- WORK TASK
In the data below, begin at the line with "GrootMade is not" and stop after the line with "LVWIT B22 LED"; output those lines exactly and no pictures.

- EXERCISE INPUTS
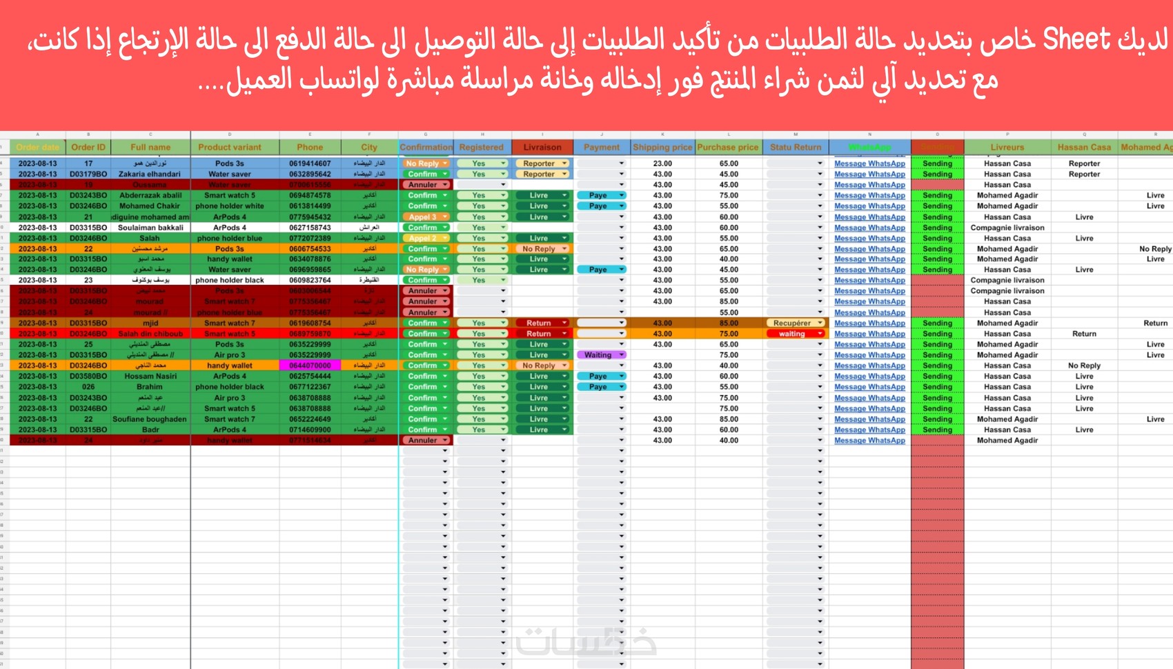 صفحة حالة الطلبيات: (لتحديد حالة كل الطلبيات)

==

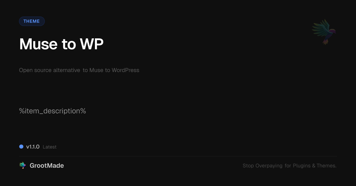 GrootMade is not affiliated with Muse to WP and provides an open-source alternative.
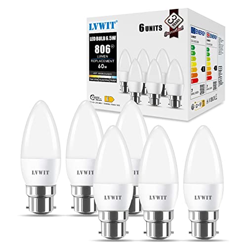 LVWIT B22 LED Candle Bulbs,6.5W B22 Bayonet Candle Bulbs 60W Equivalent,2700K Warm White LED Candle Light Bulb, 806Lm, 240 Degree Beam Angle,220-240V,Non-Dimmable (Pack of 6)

* * *

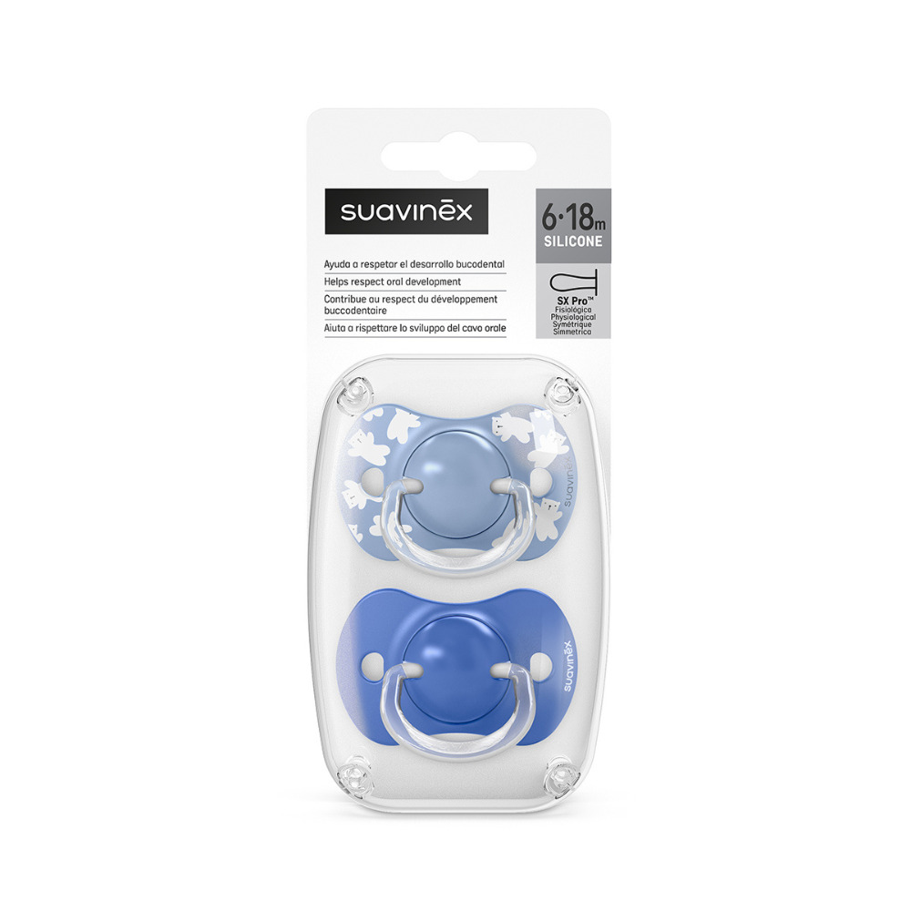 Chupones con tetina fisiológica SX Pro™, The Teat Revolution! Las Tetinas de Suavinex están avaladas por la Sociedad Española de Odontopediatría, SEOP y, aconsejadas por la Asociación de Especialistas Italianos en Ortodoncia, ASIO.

- WRITTEN SOLUTION
 GrootMade is not affiliated with Muse to WP and provides an open-source alternative.
 LVWIT B22 LED Candle Bulbs,6.5W B22 Bayonet Candle Bulbs 60W Equivalent,2700K Warm White LED Candle Light Bulb, 806Lm, 240 Degree Beam Angle,220-240V,Non-Dimmable (Pack of 6)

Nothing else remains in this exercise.